How to Build a Stone Pizza Oven
A pizza oven provides a stunning focal point for a completed outdoor room.
Using metal grill grates as a guide, determine the size and placement of the brick barbecue. If you desire a barbecue with walls thicker than one course of bricks, account for that now. Mark off the area and clear away all grass and debris from the site. Excavate the area to a depth of 8”. Use tamper to level and compact the ground. Add pea gravel to a height of 3” then compact and level with tamper.
Mix fast-drying cement according to manufacturer's directions. Pour on top of gravel until the hole is filled to ground level. Smooth and level the cement pad using a trowel. Allow cement to cure for 24-48 hours.
Dry-fit the first course of bricks before setting them in mortar. Lay the bricks end to end around the perimeter of the concrete slab, leaving a half-inch gap between each brick to account for the mortar. Make sure the bricks are perfectly square at the corners. Mark the outline of the bricks to use as a guide while laying the bricks.
Lay out the bricks and hose them down with water 30 minutes before laying them. This will prevent them from soaking up excess moisture from your mortar.
Prepare premixed mortar according to manufacturer's directions. Trowel a generous layer of mortar along the marked lines where the bricks will sit. Lay the first brick by pressing it gently into the mortar. Apply a layer of mortar to one end of the next brick before butting it against the first and pressing it into the mortar. Remove excess mortar as you work. Continue working in this fashion until the first course has been laid around the entire base of the barbecue. Check to make sure the course is square, plumb and level, adjusting a brick by tapping with trowel handle.
This and the remaining brick courses will be built only on the outside and rear walls, leaving the front open for access to charcoal, ash and grill grates. Apply mortar to the top of the previous course. Lay the first brick by pressing it gently into the mortar, making sure to stagger the joints. Bricks may need to be cut with a cold chisel or wet saw for a proper fit. Continue laying bricks until this and the following course are completed.

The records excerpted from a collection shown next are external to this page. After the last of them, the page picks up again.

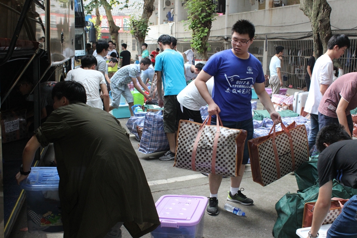 进行了15级寝室搬迁活动。有了之前的14级搬迁经验,我们的效率更高。搬迁队于早晨6:20就位,虽然早上下了一场雨,但并没有阻挡搬迁的进程,搬迁队协助同学将行李搬去挡雨的地方,最终于9:00完成了搬迁工作。
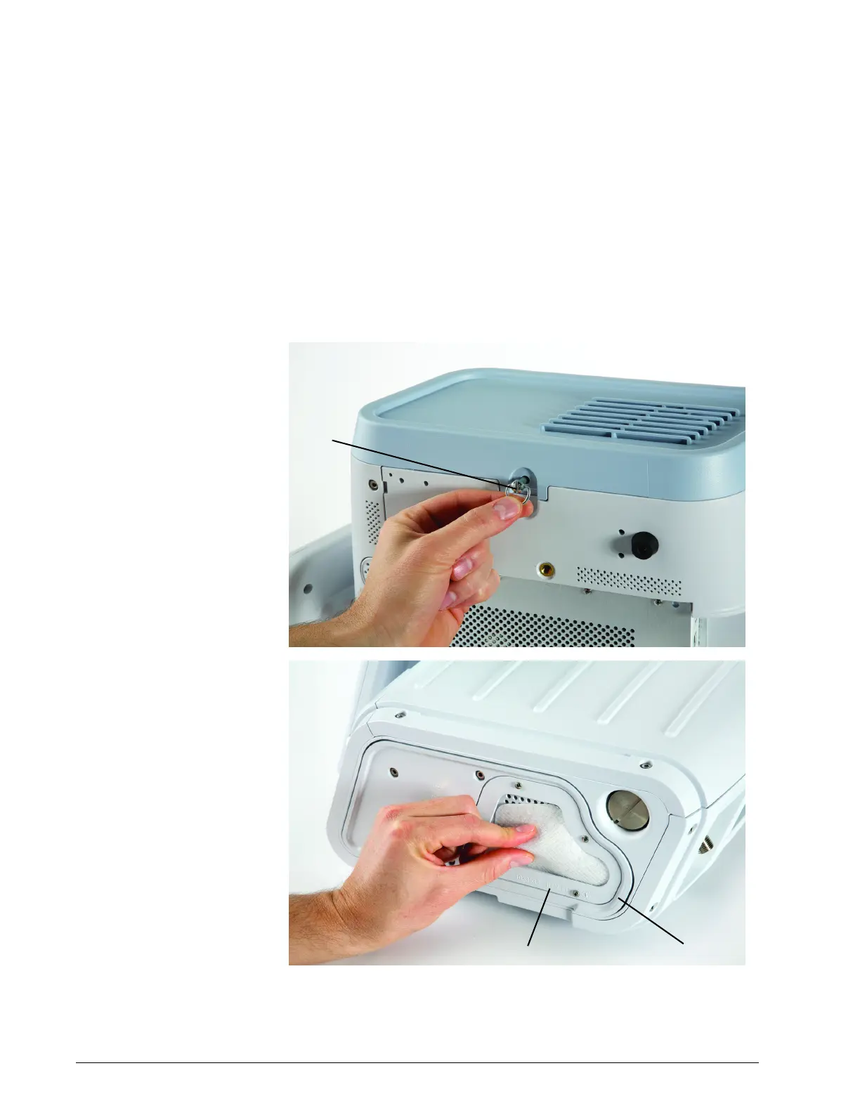 1. Power down the ventilator and disconnect it from AC power. Remove
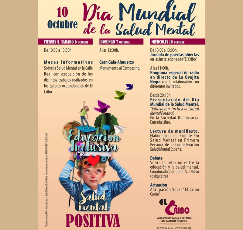 La asociación “El Cribo”, en consonancia con el lema de este año, reivindica una educación que apueste por los valores, que trabaje la diversidad y la inclusión, para que se consiga una salud mental más positiva en las generaciones futuras e invita a la sociedad de Lanzarote a participar en estos actos en pro de conocer más sobre la Salud Mental, su prevención, los tratamientos y los recursos existentes para la recuperación de las personas con enfermedad mental y con el objetivo de reducir el estigma asociado a este tipo de enfermedades.
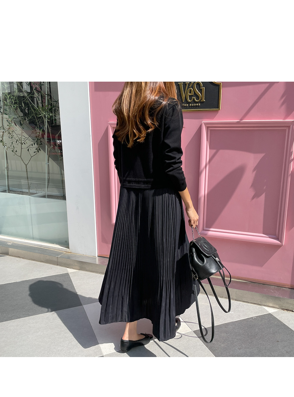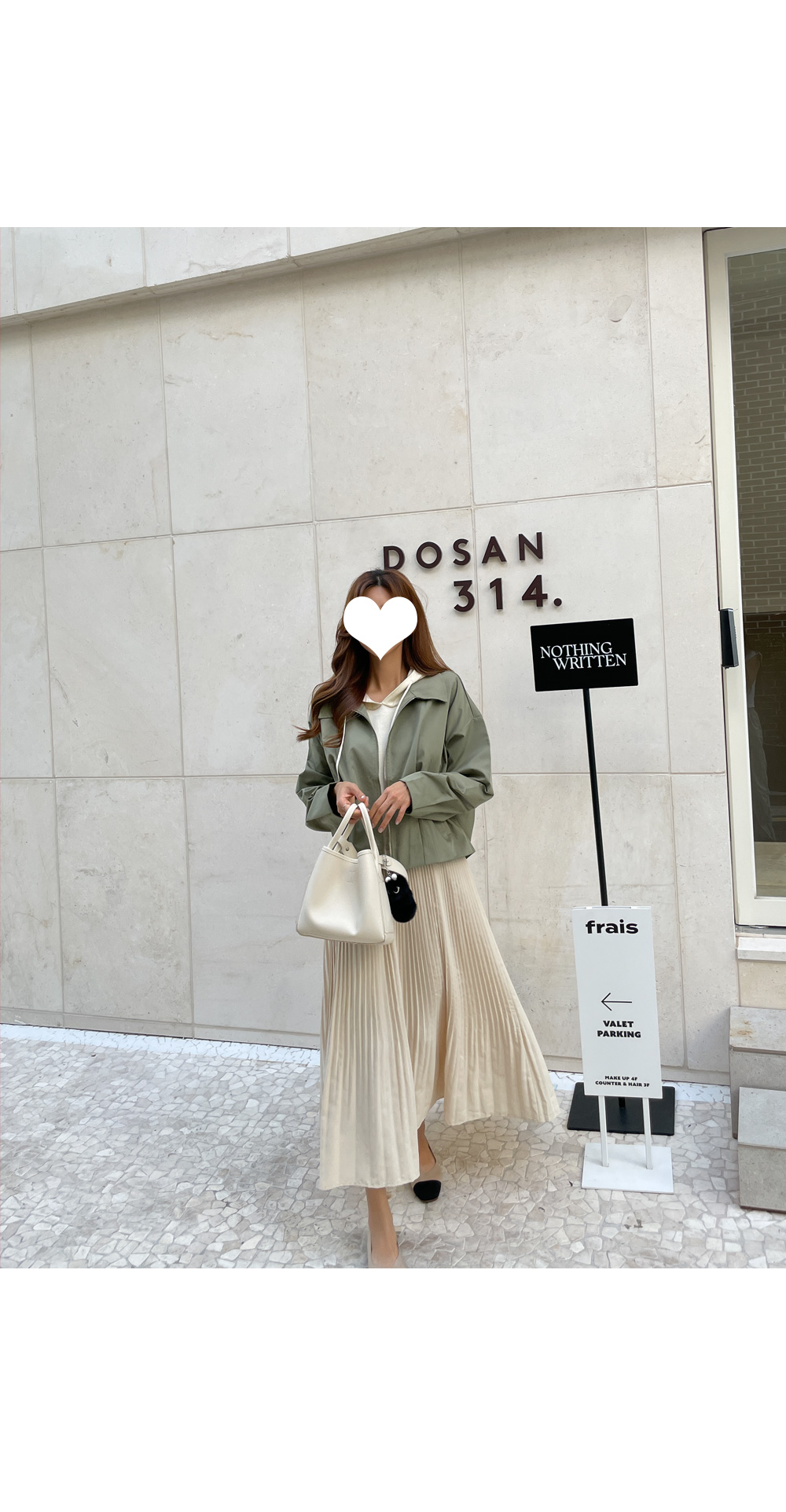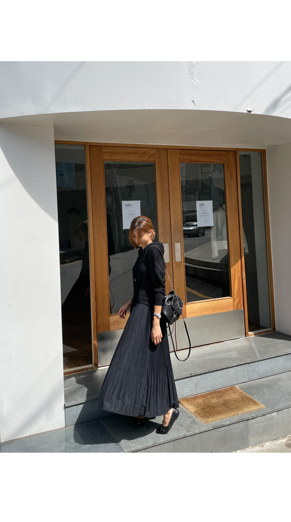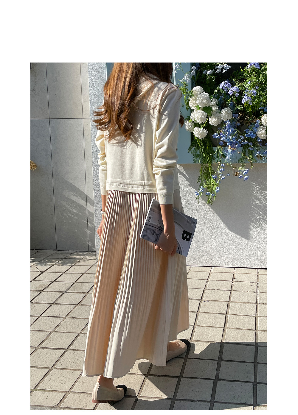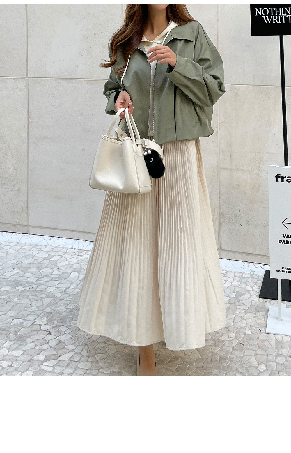 스커트는 여성스러운 플리츠로 디자인해주어
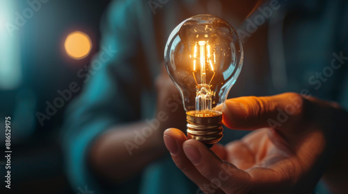 A person holding a bright, glowing lightbulb in their hand, emitting warm light against a dim background, symbolizing innovation and ideas.

Starting with the fourth course, and continuing with every other course, turn some of the bricks so they jut out into the barbecue. These will serve as the grill grate support ledges. Having a few at different heights allows extra cooking space as well as various heat intensities. Continue laying bricks in this fashion until desired height is reached. Make sure the top and final course is laid with solid bricks.
After the final course is set and before the mortar has dried, "strike" the joints with a jointer to create the familiar concave depression in the mortar. Once the cement is almost cured, use a stiff brush to scrape off remaining bits of mortar.